• What the exercise asks: For each entry, repeat the text exactly and omit any picture it holds.

=======

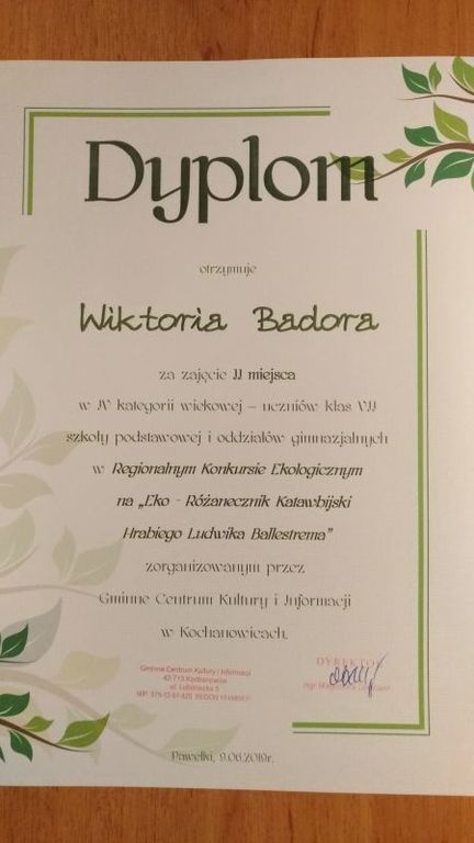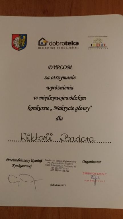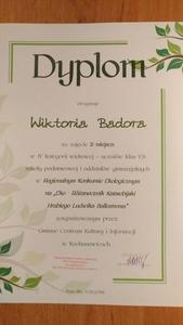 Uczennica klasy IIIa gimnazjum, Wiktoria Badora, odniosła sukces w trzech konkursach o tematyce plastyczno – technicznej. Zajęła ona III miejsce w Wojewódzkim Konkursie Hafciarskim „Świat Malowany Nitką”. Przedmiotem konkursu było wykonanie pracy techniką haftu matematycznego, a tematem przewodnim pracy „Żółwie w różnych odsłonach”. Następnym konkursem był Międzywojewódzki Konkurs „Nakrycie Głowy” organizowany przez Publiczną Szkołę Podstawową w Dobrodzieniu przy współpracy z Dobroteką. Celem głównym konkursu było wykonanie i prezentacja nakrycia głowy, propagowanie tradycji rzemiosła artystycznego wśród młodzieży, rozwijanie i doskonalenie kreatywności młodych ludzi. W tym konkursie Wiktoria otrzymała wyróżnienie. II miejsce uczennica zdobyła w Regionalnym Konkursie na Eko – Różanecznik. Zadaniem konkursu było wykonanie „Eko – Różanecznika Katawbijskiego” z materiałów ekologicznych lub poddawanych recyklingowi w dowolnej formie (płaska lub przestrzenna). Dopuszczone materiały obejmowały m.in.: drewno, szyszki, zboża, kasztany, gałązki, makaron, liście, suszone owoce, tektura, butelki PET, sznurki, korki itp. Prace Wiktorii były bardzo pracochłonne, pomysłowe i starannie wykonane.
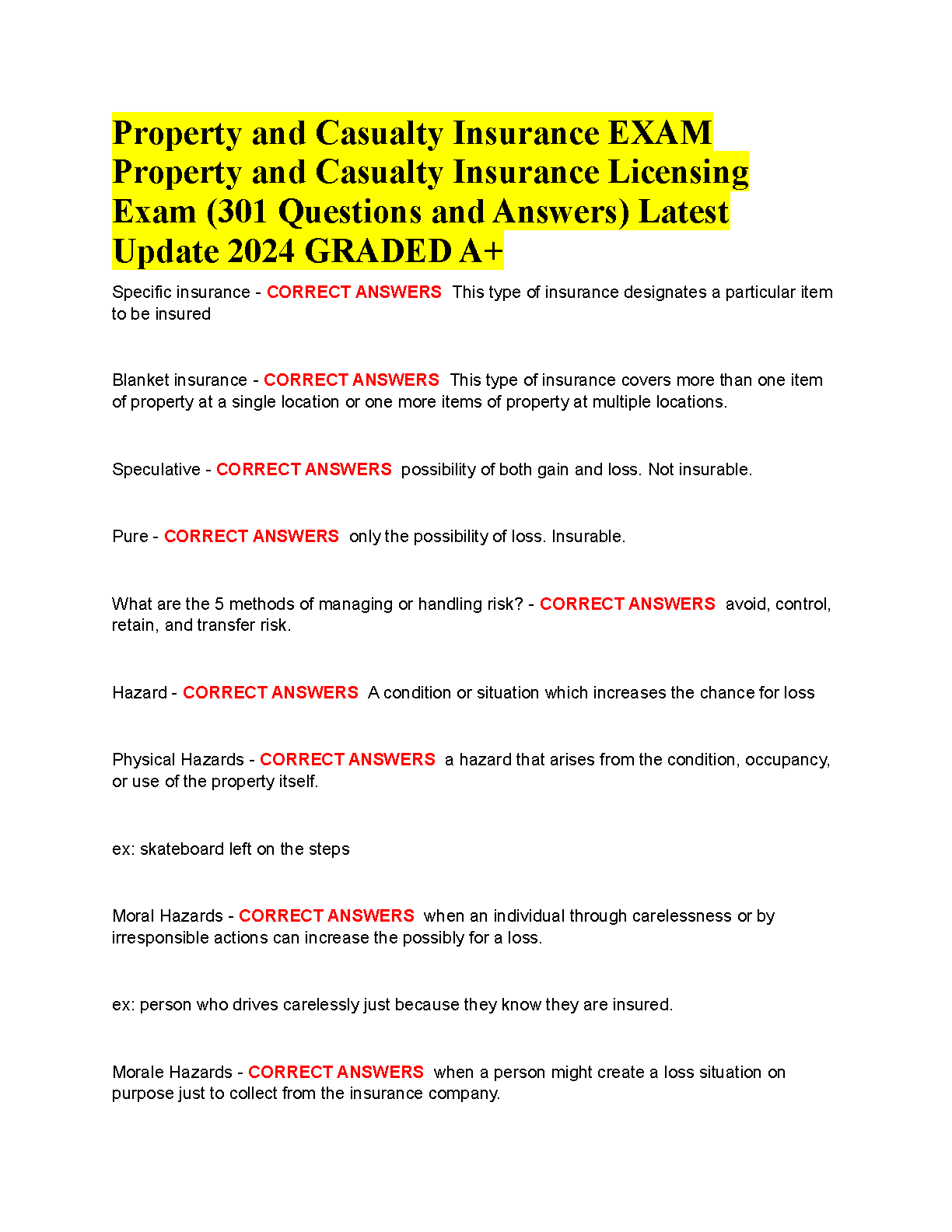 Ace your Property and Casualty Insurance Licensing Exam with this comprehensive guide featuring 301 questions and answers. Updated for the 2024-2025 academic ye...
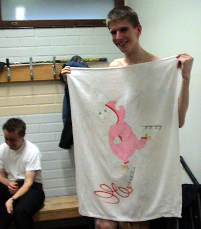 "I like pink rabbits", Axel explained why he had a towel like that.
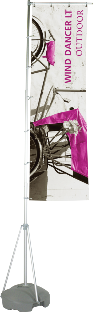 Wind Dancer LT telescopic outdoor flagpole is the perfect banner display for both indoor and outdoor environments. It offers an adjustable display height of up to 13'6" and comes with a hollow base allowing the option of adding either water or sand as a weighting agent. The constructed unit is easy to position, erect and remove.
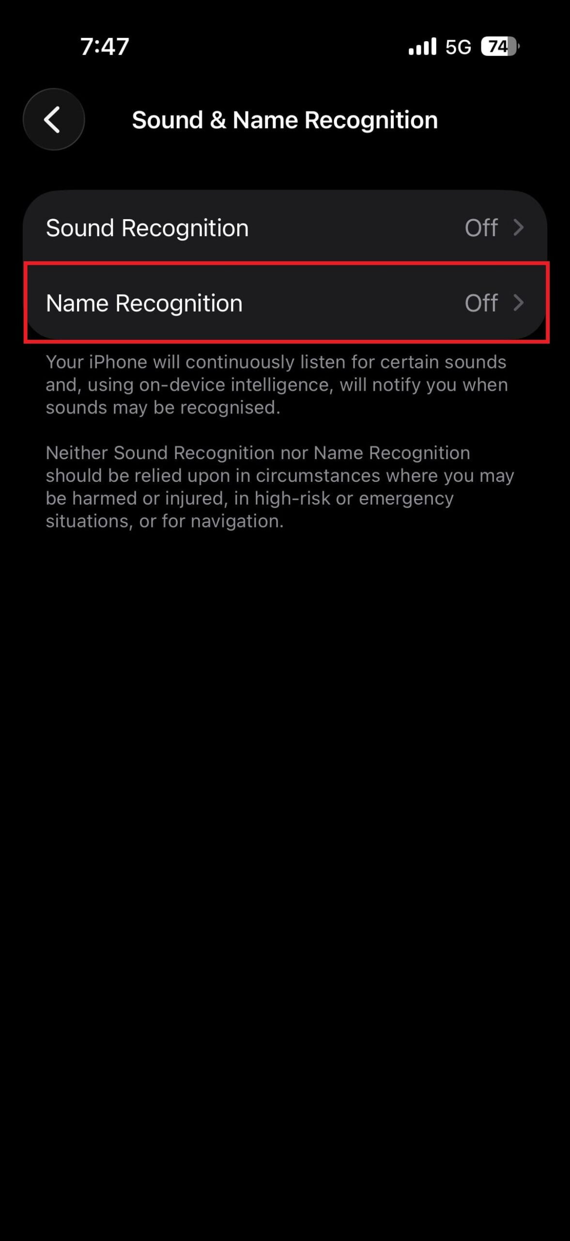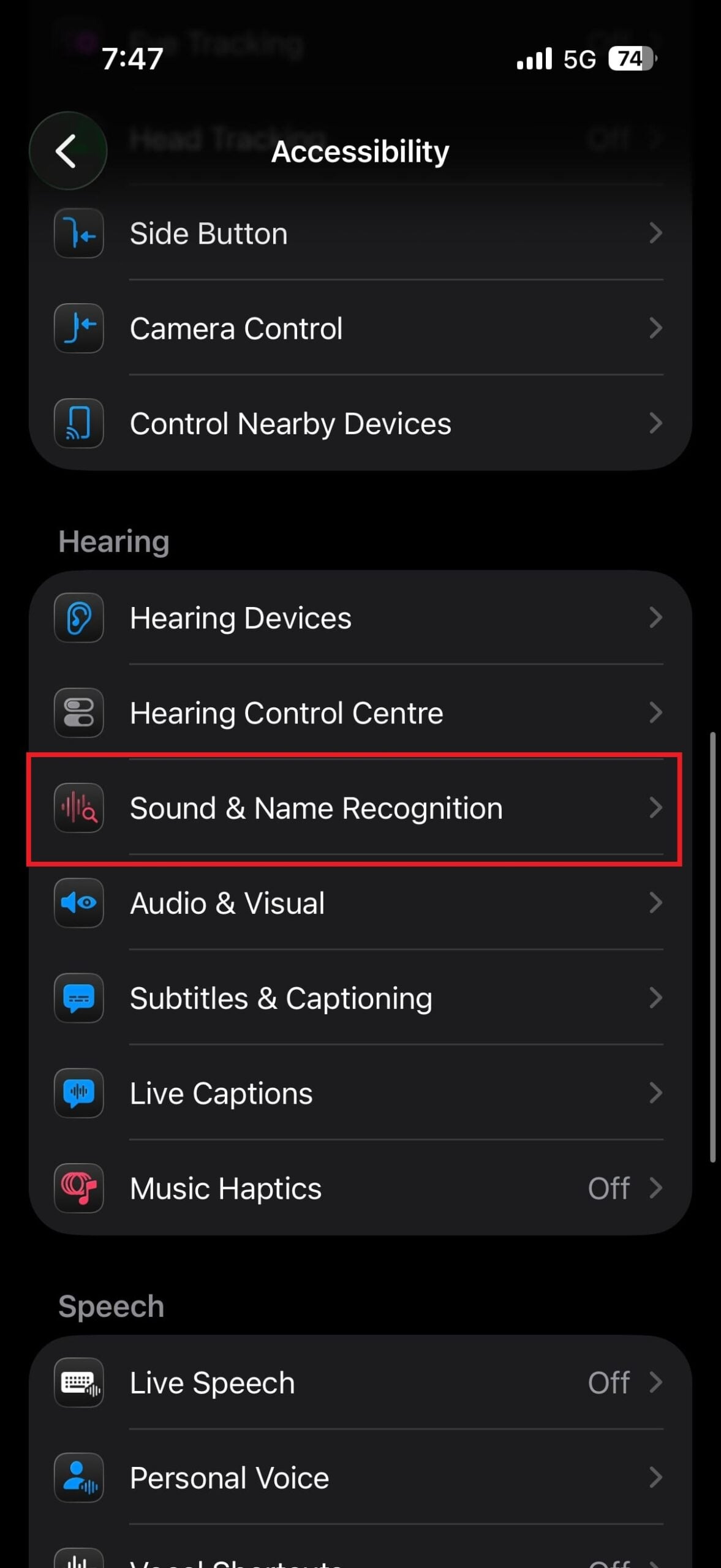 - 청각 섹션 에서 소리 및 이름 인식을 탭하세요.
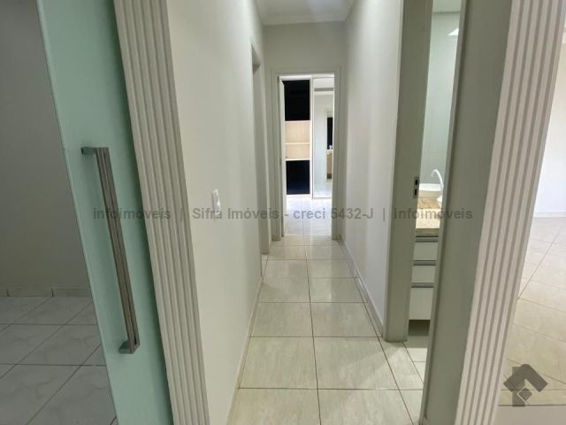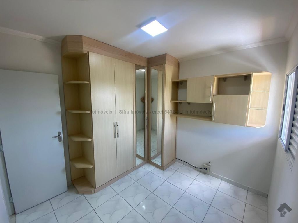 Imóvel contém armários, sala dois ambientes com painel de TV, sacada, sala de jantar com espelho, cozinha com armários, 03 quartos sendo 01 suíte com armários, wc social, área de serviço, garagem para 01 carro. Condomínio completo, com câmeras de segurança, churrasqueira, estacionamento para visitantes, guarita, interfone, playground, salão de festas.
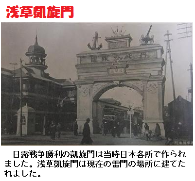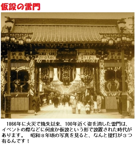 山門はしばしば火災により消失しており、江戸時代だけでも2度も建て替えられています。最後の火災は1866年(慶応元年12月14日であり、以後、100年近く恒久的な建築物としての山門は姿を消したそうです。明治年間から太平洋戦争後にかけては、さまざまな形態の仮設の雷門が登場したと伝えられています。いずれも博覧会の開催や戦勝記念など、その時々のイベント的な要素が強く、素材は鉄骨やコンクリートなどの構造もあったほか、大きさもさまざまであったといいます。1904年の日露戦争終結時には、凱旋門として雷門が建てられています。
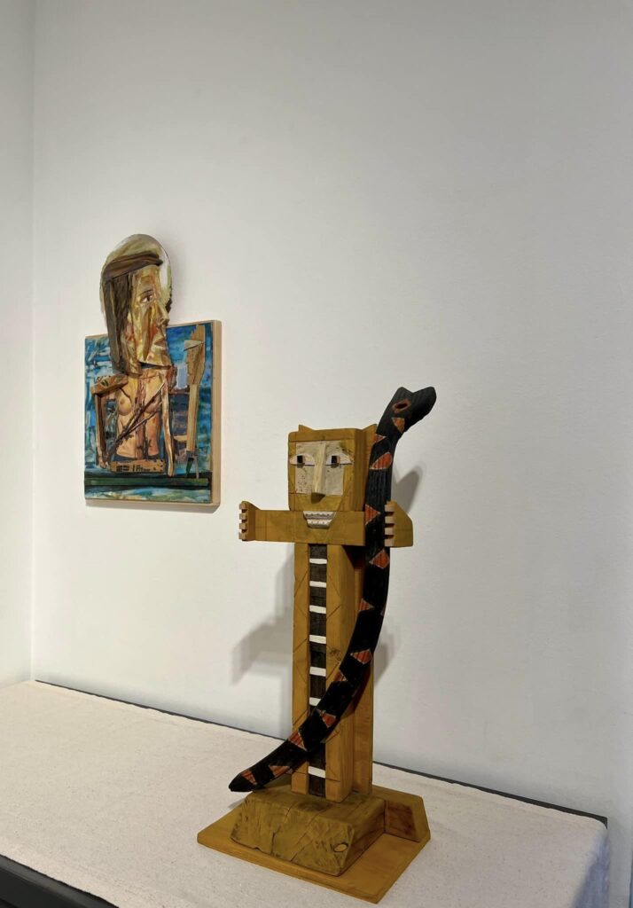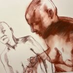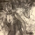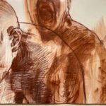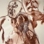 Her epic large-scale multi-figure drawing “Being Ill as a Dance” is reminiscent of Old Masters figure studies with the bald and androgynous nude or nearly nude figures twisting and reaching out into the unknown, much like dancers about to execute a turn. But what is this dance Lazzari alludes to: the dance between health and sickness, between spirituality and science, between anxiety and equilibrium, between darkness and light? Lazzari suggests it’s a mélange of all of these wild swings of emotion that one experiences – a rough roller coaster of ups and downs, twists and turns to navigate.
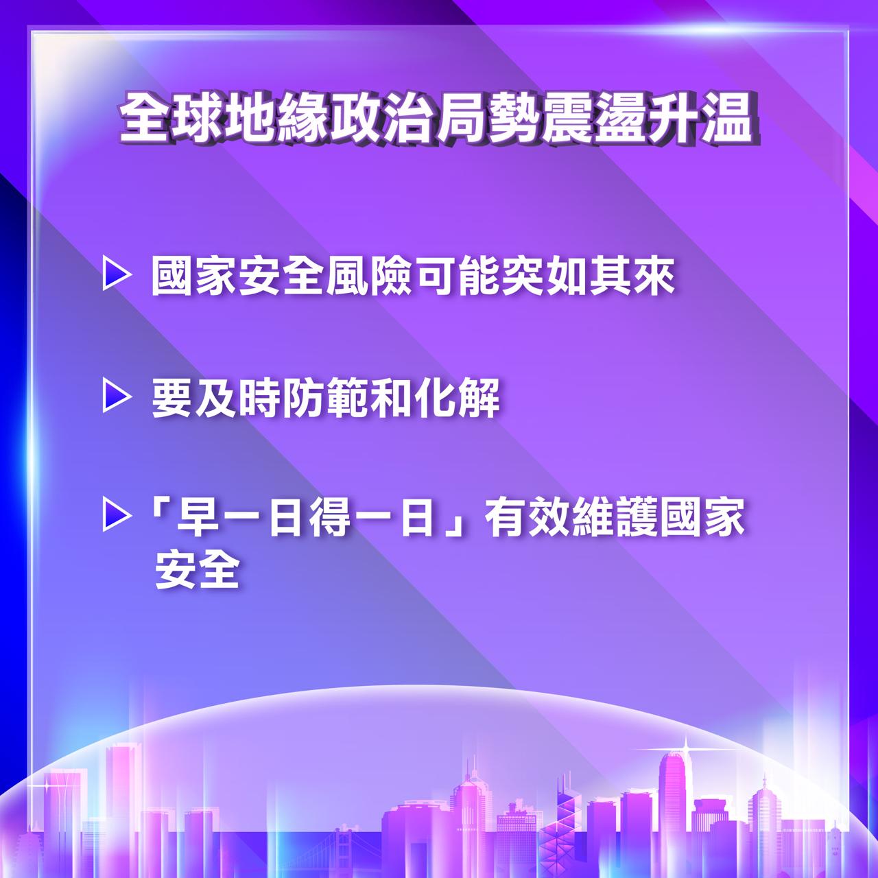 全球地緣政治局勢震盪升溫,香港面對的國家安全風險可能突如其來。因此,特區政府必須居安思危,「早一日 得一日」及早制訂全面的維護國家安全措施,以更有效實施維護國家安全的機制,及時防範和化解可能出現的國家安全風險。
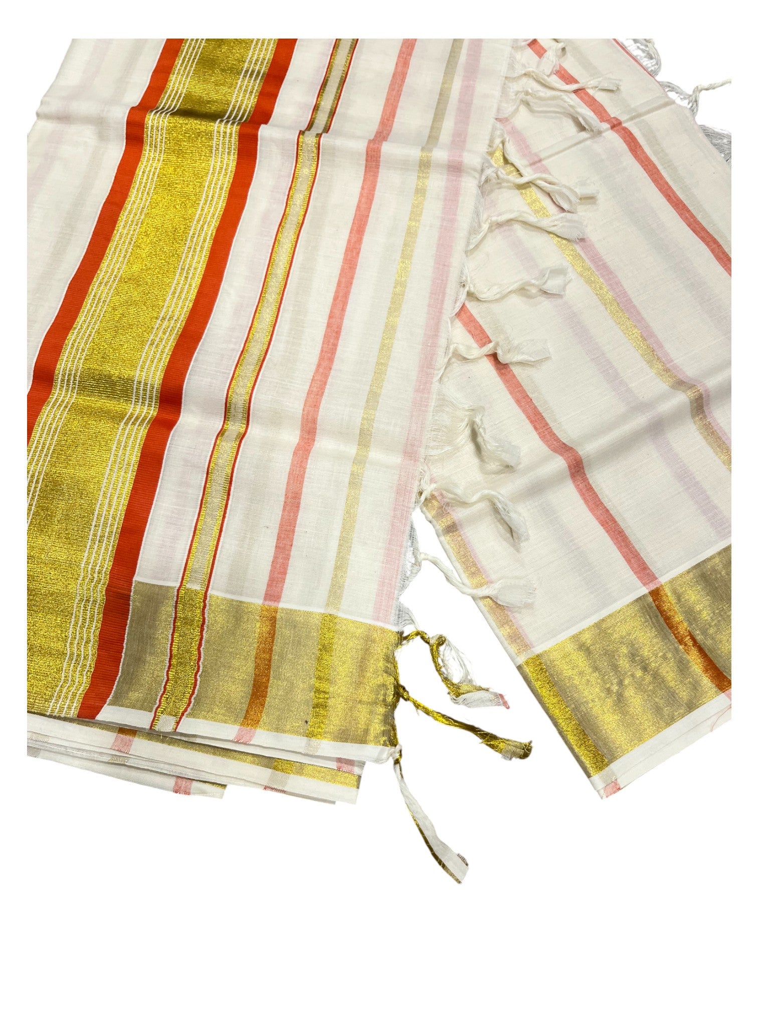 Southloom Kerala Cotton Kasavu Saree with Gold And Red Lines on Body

=======

• Result of this exercise:
 Uczennica klasy IIIa gimnazjum, Wiktoria Badora, odniosła sukces w trzech konkursach o tematyce plastyczno – technicznej. Zajęła ona III miejsce w Wojewódzkim Konkursie Hafciarskim „Świat Malowany Nitką”. Przedmiotem konkursu było wykonanie pracy techniką haftu matematycznego, a tematem przewodnim pracy „Żółwie w różnych odsłonach”. Następnym konkursem był Międzywojewódzki Konkurs „Nakrycie Głowy” organizowany przez Publiczną Szkołę Podstawową w Dobrodzieniu przy współpracy z Dobroteką. Celem głównym konkursu było wykonanie i prezentacja nakrycia głowy, propagowanie tradycji rzemiosła artystycznego wśród młodzieży, rozwijanie i doskonalenie kreatywności młodych ludzi. W tym konkursie Wiktoria otrzymała wyróżnienie. II miejsce uczennica zdobyła w Regionalnym Konkursie na Eko – Różanecznik. Zadaniem konkursu było wykonanie „Eko – Różanecznika Katawbijskiego” z materiałów ekologicznych lub poddawanych recyklingowi w dowolnej formie (płaska lub przestrzenna). Dopuszczone materiały obejmowały m.in.: drewno, szyszki, zboża, kasztany, gałązki, makaron, liście, suszone owoce, tektura, butelki PET, sznurki, korki itp. Prace Wiktorii były bardzo pracochłonne, pomysłowe i starannie wykonane.
 Ace your Property and Casualty Insurance Licensing Exam with this comprehensive guide featuring 301 questions and answers. Updated for the 2024-2025 academic ye...
 "I like pink rabbits", Axel explained why he had a towel like that.
 Wind Dancer LT telescopic outdoor flagpole is the perfect banner display for both indoor and outdoor environments. It offers an adjustable display height of up to 13'6" and comes with a hollow base allowing the option of adding either water or sand as a weighting agent. The constructed unit is easy to position, erect and remove.
 - 청각 섹션 에서 소리 및 이름 인식을 탭하세요.
 Imóvel contém armários, sala dois ambientes com painel de TV, sacada, sala de jantar com espelho, cozinha com armários, 03 quartos sendo 01 suíte com armários, wc social, área de serviço, garagem para 01 carro. Condomínio completo, com câmeras de segurança, churrasqueira, estacionamento para visitantes, guarita, interfone, playground, salão de festas.
 山門はしばしば火災により消失しており、江戸時代だけでも2度も建て替えられています。最後の火災は1866年(慶応元年12月14日であり、以後、100年近く恒久的な建築物としての山門は姿を消したそうです。明治年間から太平洋戦争後にかけては、さまざまな形態の仮設の雷門が登場したと伝えられています。いずれも博覧会の開催や戦勝記念など、その時々のイベント的な要素が強く、素材は鉄骨やコンクリートなどの構造もあったほか、大きさもさまざまであったといいます。1904年の日露戦争終結時には、凱旋門として雷門が建てられています。
 Her epic large-scale multi-figure drawing “Being Ill as a Dance” is reminiscent of Old Masters figure studies with the bald and androgynous nude or nearly nude figures twisting and reaching out into the unknown, much like dancers about to execute a turn. But what is this dance Lazzari alludes to: the dance between health and sickness, between spirituality and science, between anxiety and equilibrium, between darkness and light? Lazzari suggests it’s a mélange of all of these wild swings of emotion that one experiences – a rough roller coaster of ups and downs, twists and turns to navigate.
 全球地緣政治局勢震盪升溫,香港面對的國家安全風險可能突如其來。因此,特區政府必須居安思危,「早一日 得一日」及早制訂全面的維護國家安全措施,以更有效實施維護國家安全的機制,及時防範和化解可能出現的國家安全風險。
 Southloom Kerala Cotton Kasavu Saree with Gold And Red Lines on Body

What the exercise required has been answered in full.